Friday, January 07, 2011

US Airways Express CRJ-200ER N444ZWUS Airways to Halt Customer Calls to Manila



By Ted Reed 01/06/11 - 04:37 PM EST


TEMPE, Ariz. (TheStreet) -- US Airways(LCC_) said it will close its Manila call center this year, continuing a trend for airlines to close offshore reservations call centers, which often disappoint consumers.

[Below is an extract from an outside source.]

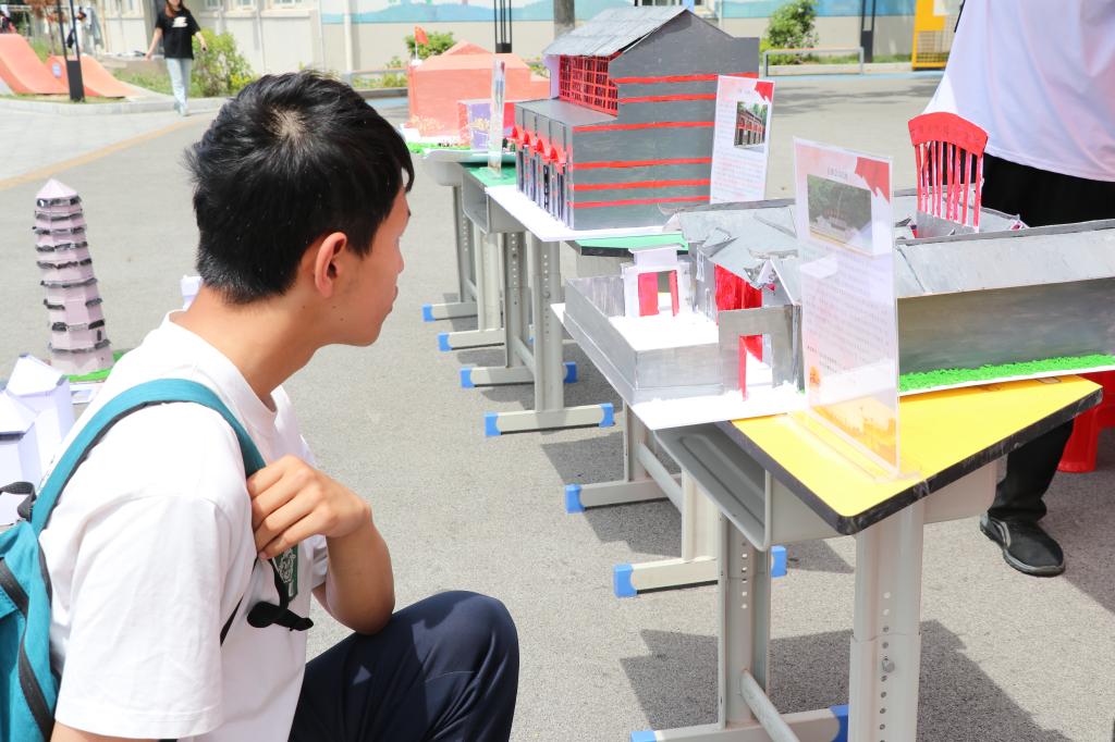 活动当天,这10余座制作精美的建筑模型在心语广场错落有致地陈列展示,还配以图文并茂的展板,全方位呈现红色建筑的相关信息。员工讲解员们围绕每座建筑的历史背景、独特的建筑特色以及深刻的革命意义,为参观者进行了细致的导览讲解,生动地还原了建筑背后的党史故事,让参观者仿佛置身于那段波澜壮阔的历史岁月。在活动现场,同学们还围绕“传承红色基因,争做时代先锋”这一主题,结合自身的学习和生活实际,积极分享了对五四精神的理解与感悟,以及在新时代如何将个人成长与国家发展紧密结合的思考。

The major U.S. carriers have always had most of their call centers in the U.S. Delta(DAL_), United(UAL_) and US Airways added off-shore centers in the early half of the last decade, when the industry lost about $40 billion and four major carriers sought to reduce costs in bankruptcy.
US Airways opened the Philippines center as a temporary measure under a 2004 agreement, negotiated during its bankruptcy, with the Communications Workers of America, which represents its agents. "We agreed in 2004 that they could temporarily outsource this work," said CWA spokeswoman Candace Johnson. "There were going to be layoffs and the company said there wouldn't be, in exchange for allowing this work to be done offshore."


Johnson said the carrier has indicated that new jobs will be created for agents in the U.S. when the Manila center closes. US Airways, which currently employs about 1,200 reservations agents, is reviewing how the change "will affect staffing at our domestic call centers in Reno, Phoenix and Winston-Salem," said spokeswoman Michelle Mohr. The changes will occur by October, she said.


In 2006, US Airways brought back 600 reservations jobs from Manila, Mexico City and San Salvador to the U.S. "Our reservations team does a much better job than those the work has been outsourced to," said US Airways CEO Doug Parker, in a May 2006 interview with TheStreet. "Despite our efforts to improve the outsourcing, it will never be as good as having our own employees do it."


In the interview, Parker credited intensive cost-cutting for making it feasible to bring work back. "The lesson here is that when you get to where pay scales are outside of market rates, jobs go outside," he said. "But when you can do stuff in-house close to as efficiently as it can be done outside, you would always prefer to have it done inside."


It is not unusual for U.S. consumers in any industry to complain when their phone calls for assistance are routed to offshore locations, often in the Philippines or India, where agents speak English (but not American) and may not fully comprehend the full scope of a problem that is brought to their attention.